Bene il 2022, con Horizon Forbidden West e God of War Ragnarök, due produzioni robuste che hanno retto l’annata. Nel 2023 è stato il turno di Spider-Man 2, altro titolo di punta. Ma nel 2024, se il fiore all’occhiello diventa Astrobot – un gioco a budget contenuto, che la stessa Sony non si aspettasse di vendere così bene – allora il bilancio inizia a scricchiolare. Il vero titolo di richiamo di Sony per il 2025 doveva essere Concord, un live service rivelatosi uno dei più grandi disastri della storia del gaming.
Quest’anno si riuscirà comunque a tamponare (si spera) con Ghost of Yotei e Death Stranding 2. Ma, ancora una volta, si torna alla questione di fondo: Kojima Productions non è uno studio interno, e Death Stranding 2 è una produzione esterna. È giusto considerarla una colonna portante dell’offerta PlayStation? Oppure si tratta solo di una soluzione di comodo, per mascherare il vuoto lasciato dai live service cancellati?
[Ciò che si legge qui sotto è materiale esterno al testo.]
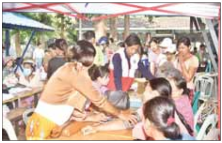
တပ်မတော်မြစ်တွင်းသွား ဆေးရုံရေယာဉ် (ရွှေပုဇွန်) ပေါ်၌ နယ်လှည့်အထူးကုဆေးအဖွဲ့က ဒေသခံများအား ကျန်းမာရေးစစ်ဆေးပေးစဉ်။

စုစုပေါင်း ၁၁၈၆ ဦးတို့ကို ရောဂါရှာဖွေစစ်ဆေးသည့် ခွဲစိတ်ကုသပေးခြင်းများ ဆောင်ရွက်ပေးပြီး ဆေးရုံတက်ရောက် ကုသရန် လိုအပ်သူ ကိုးဦးကို နီးစပ်ရာ တပ်မတော်ဆေးရုံသို့ တက်ရောက် ကုသနိုင်ရေး စီစဉ်ဆောင်ရွက်ပေးသည်။ အလားတူ တပ်မတော် မြစ်တွင်းသွား ဆေးရုံရေယာဉ် (ရွှေပုဇွန်)၊ မြစ်ရေယာဉ်(စက) တို့နှင့်အတူ လိုက်ပါလာသည့် တပ်မတော်နှင့် ကျန်းမာရေးဝန်ကြီးဌာနမှ ပါရဂူများ၊ ဆရာဝန်များ၊ သူနာပြုများ ပါဝင်သော နယ်လှည့် အထူးကုဆေးအဖွဲ့သည် ယနေ့တွင် ဧရာဝတီတိုင်းဒေသကြီး မြန်အောင်မြို့ရှိ မြို့နယ် ပြည်သူ့ဆေးရုံ၌ အခြေပြု၍ မြို့ပေါ်ရပ်ကွက်များနှင့် ပတ်ဝန်းကျင် ကျေးရွာများမှ ဒေသခံပြည်သူများအား ကျန်းမာရေး စောင့်ရှောက်မှုလုပ်ငန်းများ ဆောင်ရွက်ပေးသည်။ ထိုသို့ ဆောင်ရွက်ပေးရာတွင်

Sarebbe auspicabile un ritorno alla strategia adottata ai tempi di PS1 e in parte su PS2, dove Sony stipulava accordi di esclusività mirati con terze parti, senza però perdere di vista lo sviluppo interno. L’ecosistema PlayStation si è costruito sulla forza delle sue IP proprietarie. Oggi, inoltre, la guerra delle esclusive ha perso parte della sua rilevanza, soprattutto se consideriamo che Microsoft, nonostante le ambizioni, fatica a rappresentare una reale minaccia sul piano hardware.
La verità è che Sony non ha più bisogno, almeno non come un tempo, di imporsi sul mercato con titoli esclusivi, non ha una competizione abbastanza forte da rappresentare un problema. Ma se scegliesse di farlo, dovrebbe farlo bene. Un solo gioco di grande calibro all’anno non basta. In questo senso, sarebbe logico aspettarsi una combinazione più equilibrata tra produzioni grosse e progetti più contenuti, magari con una maggiore varietà tematica e sperimentale.
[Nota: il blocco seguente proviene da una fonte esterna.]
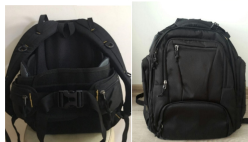
شکل ۱- کوله پشتی جدید ارگونومیک طراحی و ساخته شده
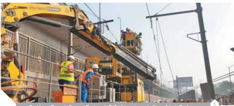
رافعة النش سقطت على الشبكة الهوائية ودمرت لوحة إعلانية

È stato giustamente osservato che, mentre Sony punta su una produzione di punta all’anno, Nintendo riesce a pubblicare nel medesimo arco di tempo più titoli significativi: un nuovo Mario Kart, un Donkey Kong, un Metroid e tutta una sfilza di remaster. È evidente che la strategia Nintendo è più agile e reattiva, pur mantenendo altissimi standard qualitativi. Un diverso approccio allo sviluppo e agli investimenti.
Sony, invece, sembra essersi incagliata in una filosofia da tripla A estremo, dove ogni progetto richiede tempi e budget titanici, con conseguente riduzione dell’offerta. È proprio in questi spazi vuoti che il pubblico inizia a percepire un vuoto creativo, e rischia di allontanarsi da una piattaforma che appare sempre meno vitale rispetto al passato.